Paroles de …

Soeurs

  • Peux-tu me raconter comment tu as vécu les premiers moments où tu as compris que quelque chose n’allait pas chez ta sœur ?
    Je me rappelle que j’essayais de me rassurer en me disant que c’était passager, qu’elle avait beaucoup de choses à régler en ce moment et c’est pour cela qu’elle était un peu éparpillée et parfois pas très cohérente. J’ai beaucoup rationnalisé au début, en règle générale. J’ai un peu minimisé aussi, car j’avais peur.
  • Qu’as tu ressenti à l’annonce du diagnostic (s’il a été posé) ? Quel âge avais-tu à ce moment-là ?
    J’ai été soulagée. J’étais « contente » qu’on mette un mot dessus. De plus, on le soupçonnait vu son comportement depuis plusieurs semaines. Je n’avais pas prononcé le mot « bipolaire » ou même « maladie mentale » auprès de ma soeur directement, mais je le pensais. J’en avais également parlé à ma psychologue qui m’avait confirmé que ça ressemblait bien à des épisodes maniaques. J’avais 30 ans (l’année dernière). Contrairement à d’autres personnes dont j’ai entendu le récit, le diagnostic a été posée très vite pour ma soeur, seulement quelques semaines après les premiers « signes ».
  • En quoi cette situation a-t-elle modifié ta place ou ton rôle au sein de ta famille ?
    Comme ma soeur et mes parents sont souvent en conflit, cela a renforcé mon rôle de messager. J’avais mes parents d’un côté, ma soeur de l’autre, mon frère était un peu au milieu: très présent pour moi, mais pas très proche de ma soeur. Ca a été lourd à porter car j’ai le sentiment que j’ai dû endosser le rôle de mes parents: j’ai contacté le psy de ma soeur, je suis allée habiter chez elle… je ne pouvais absolument pas me reposer sur eux, et ça rajoutait de la difficulté à toute cette situation.
    Je dirais que cette situation a renforcé mon rôle de personne qui tempère, qui était déjà présent avant tout cela.
  • Qu’est-ce qui a été le plus difficile pour toi dans cette expérience ?

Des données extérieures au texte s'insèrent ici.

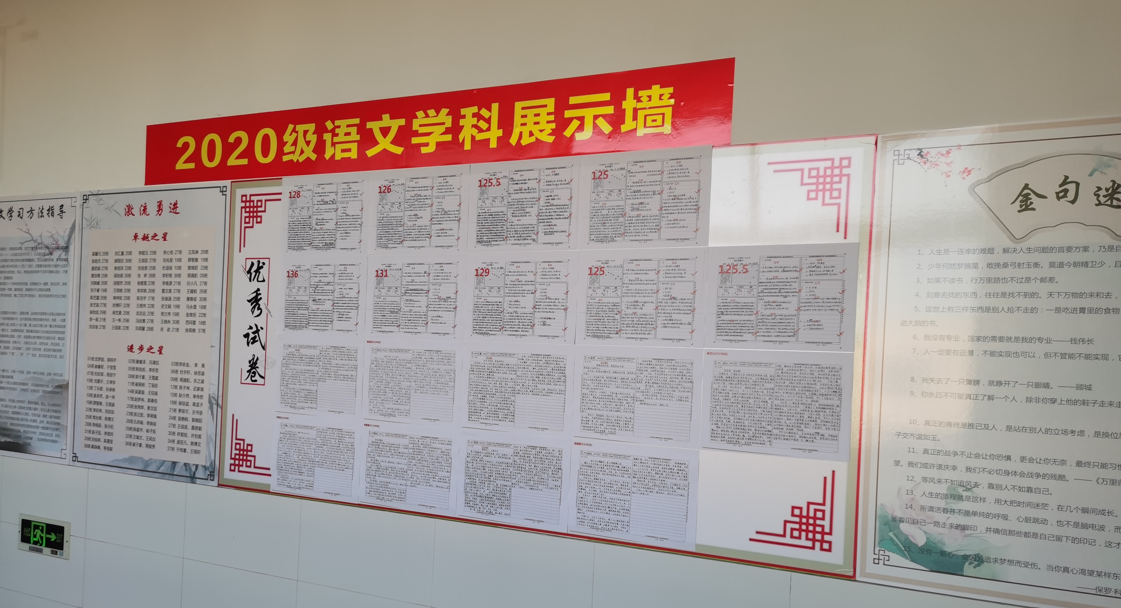 时时是教育之时,处处是教育之地。2020级部学科文化墙不是简单的装饰,而是育人的有效载体。把走廊文化布置作为学校文化建设的一个突破口,既营造了浓郁的校园文化氛围,更创设了良好的育人环境。

    Je dirais que ce qui a été difficile c’est l’impression de perdre ma soeur. Je ne reconnaissais plus la personne qu’elle était, alors que nous avons toujours été très proches. Je me suis aussi sentie très seule car personne d’autre dans ma famille n’était proche d’elle. Aussi, j’avais très peur pour sa vie car elle mélangeait des médicaments, elle conduisait… j’avais l’impression qu’à tout moment on pouvait m’appeler pour m’annoncer une mauvaise nouvelle.
  • As-tu parfois ressenti que tes propres besoins ou émotions passaient au second plan ? T’es-tu sentie parfois obligée de les taire ?

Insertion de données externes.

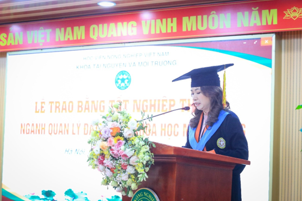 Thạc sĩ Trần Thị Diệu Linh – Sở Tài nguyên và Môi trường (nay là Sở Nông nghiệp và Môi trường) tỉnh Ninh Bình phát biểu tại buổi Lễ trao bằng tốt nghiệp Thạc sĩ (tháng 12/2022) |

    Totalement. Pendant plusieurs mois, tout tournait autour de ma soeur.
  • Vis-à-vis de tes parents, qu’as-tu ressenti ?
    Comme précisé plus tôt, mes parents n’ont pas été présents et je leur en ai beaucoup voulu (je leur en veux encore). J’ai ressenti de l’incompréhension, de la frustration, de la surprise, de la colère et puis finalement de la tristesse.
  • Est-ce qu’il y a des choses que tu aurais aimé entendre ou recevoir (écoute, informations, soutien) à certains moments ?
    J’avais besoin qu’on me dise que je faisais ce qu’il fallait, que je prenais les « bonnes » décisions. Je me sentais totalement perdue face à tout ça.
    Comment réagissent tes proches, amis ou collègues quand tu leur parles de la situation ? Te sens-tu comprise ?
    J’en ai beaucoup parlé quand tout a commencé, et je me suis sentie très entourée. Comprise non je ne pense pas, à part par des gens qui connaissent des personnes avec des troubles similaires. 
    Depuis, je n’en ai pas reparlé à de nouvelles personnes.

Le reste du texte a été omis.